- _Material provided_
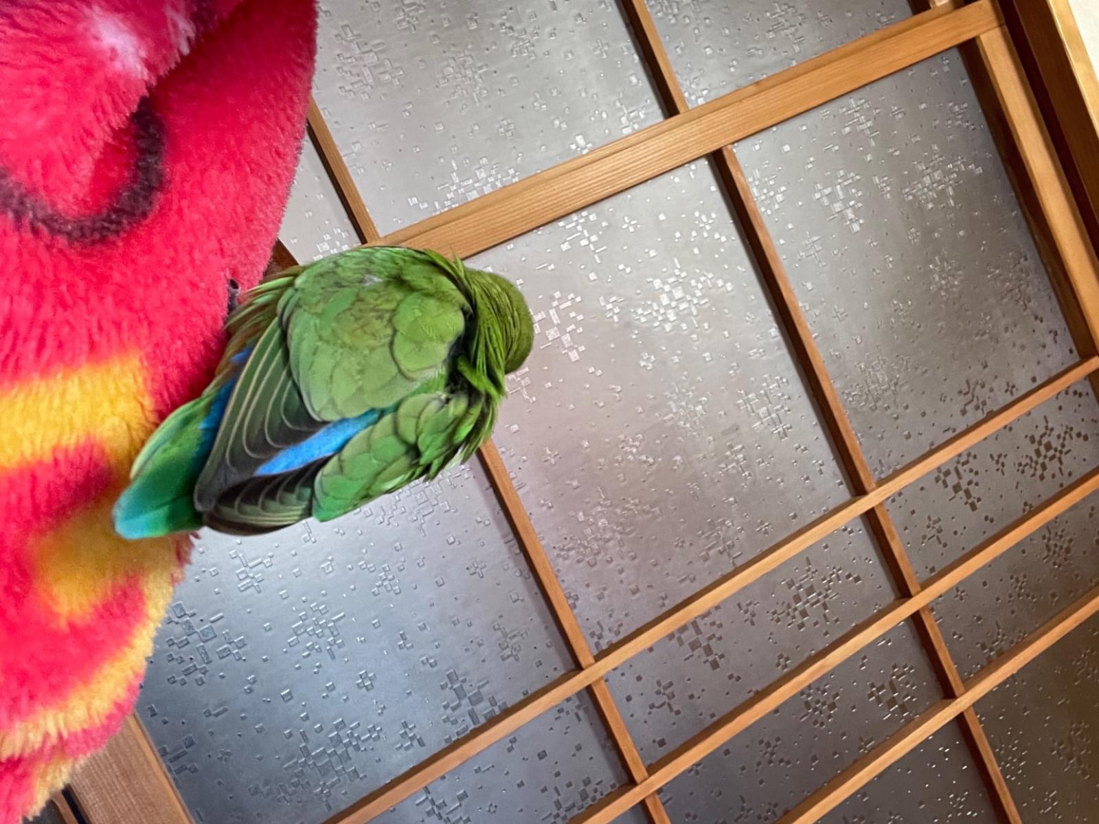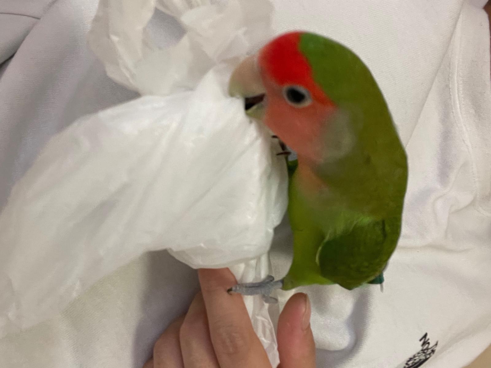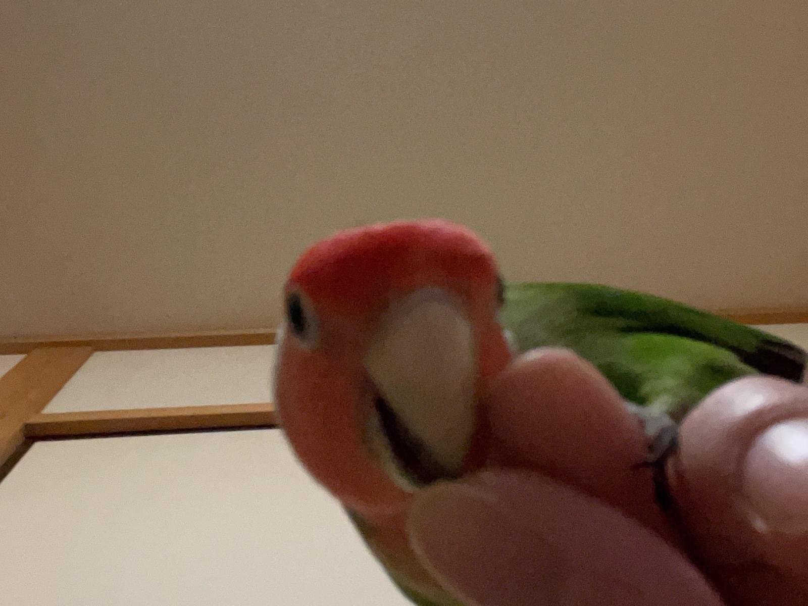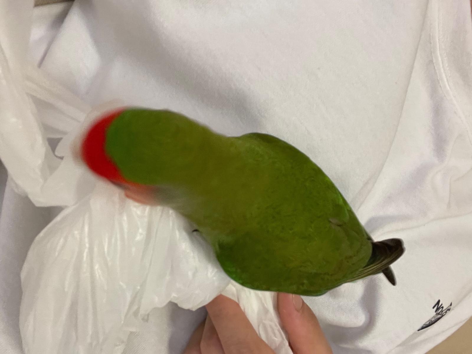 特徴:顔が赤く、体が緑、尾が青のオスのコザクラインコを探しています。声は高い方です。
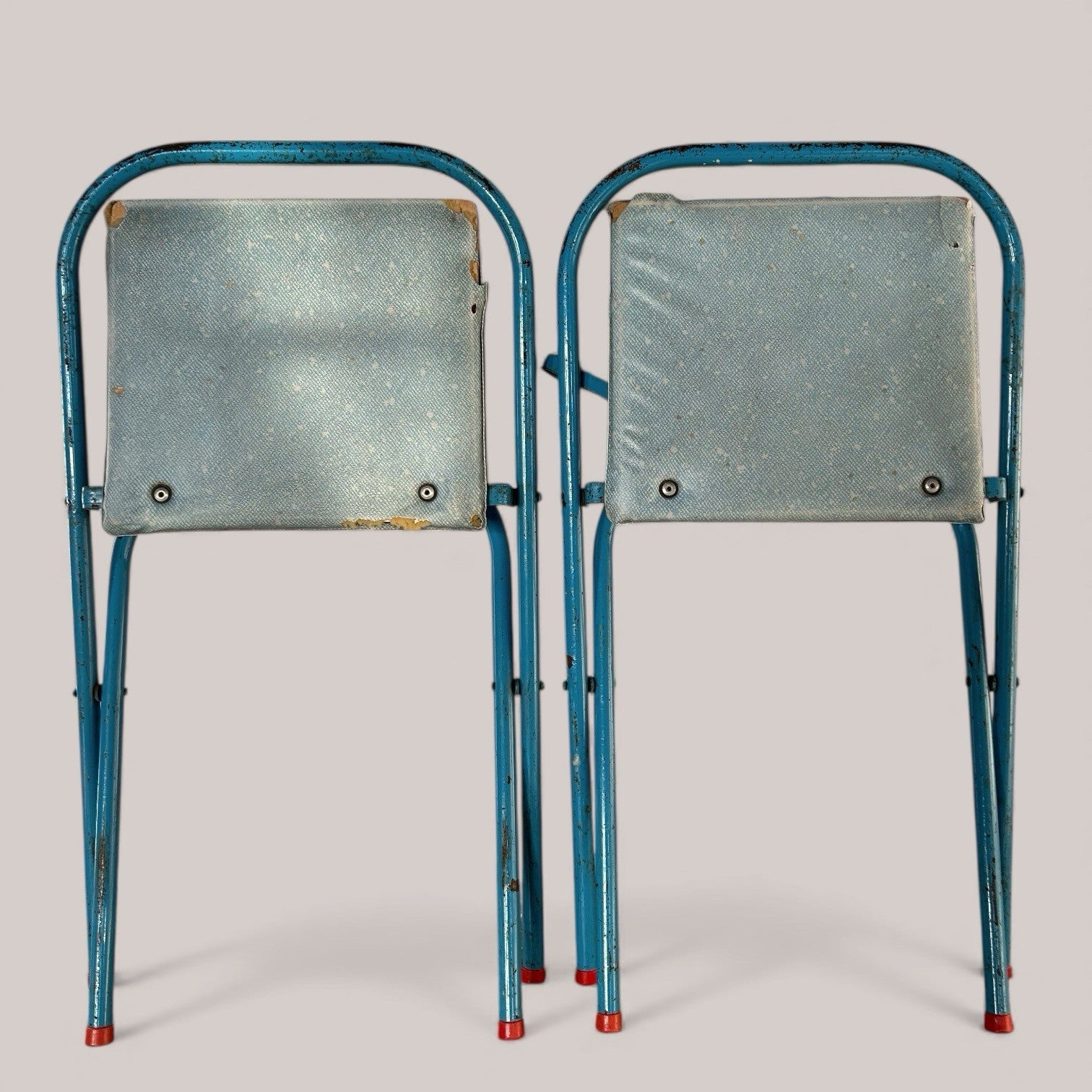 Charming 1960s children's school desk set with blue tubular steel frames and pine lift-top desk. Folding chair included (seat fabric worn). Full of vintage charm—great for playrooms, studios or display.
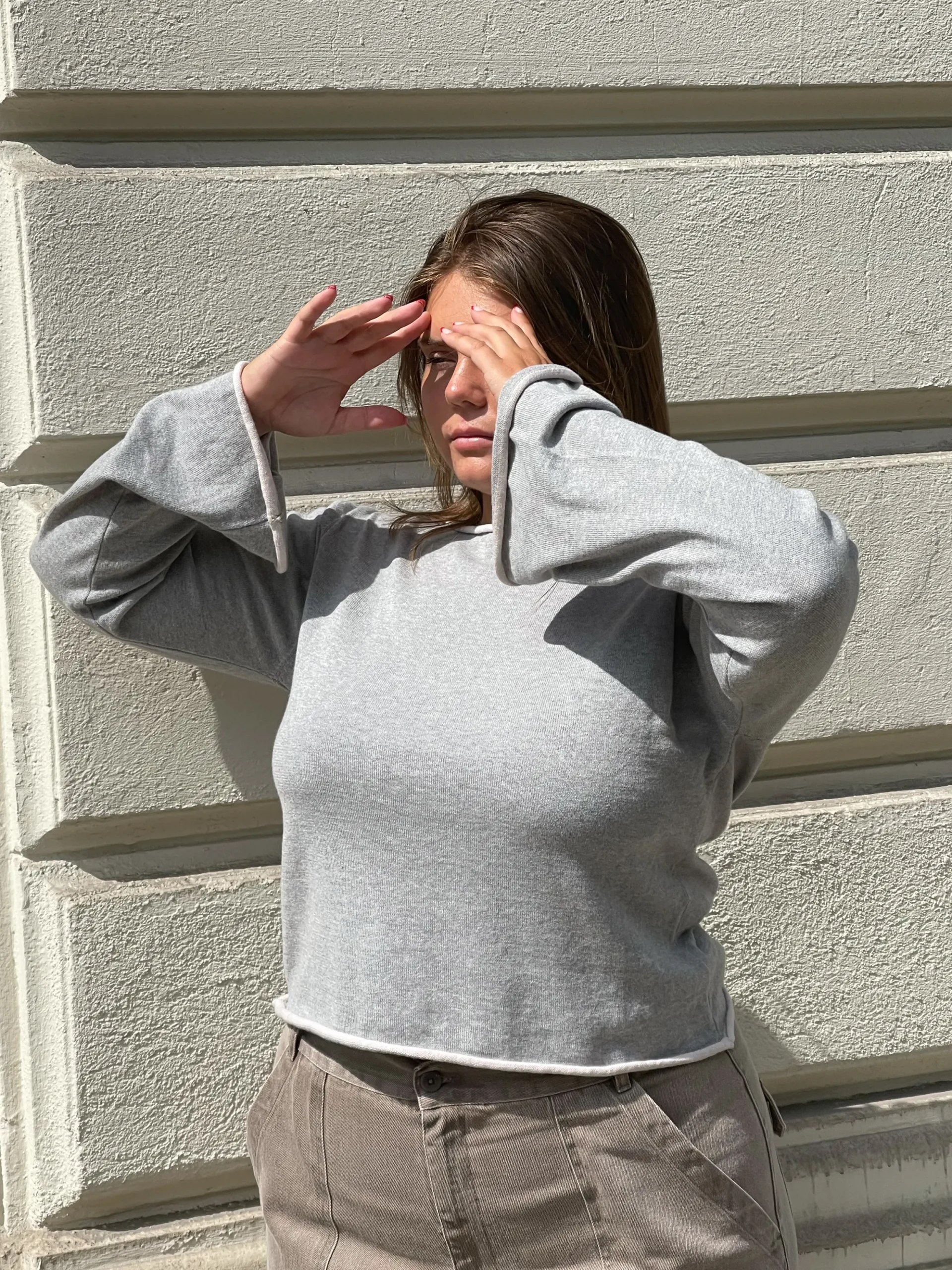Our Bateau Neck Sweater features two tones, a darker main shade with a contrast lighter shade at the edges. It is knitted in a 50/50 blend of recycled and Egyptian cotton fibers and has a classic boat neck as well as wide sleeves that give it a beautiful silhouette.

- _Directions for this task_
Reproduce the material above in full and without alteration, but skip all pictures.

- _Solution for this task_
 特徴:顔が赤く、体が緑、尾が青のオスのコザクラインコを探しています。声は高い方です。
 Charming 1960s children's school desk set with blue tubular steel frames and pine lift-top desk. Folding chair included (seat fabric worn). Full of vintage charm—great for playrooms, studios or display.
Our Bateau Neck Sweater features two tones, a darker main shade with a contrast lighter shade at the edges. It is knitted in a 50/50 blend of recycled and Egyptian cotton fibers and has a classic boat neck as well as wide sleeves that give it a beautiful silhouette.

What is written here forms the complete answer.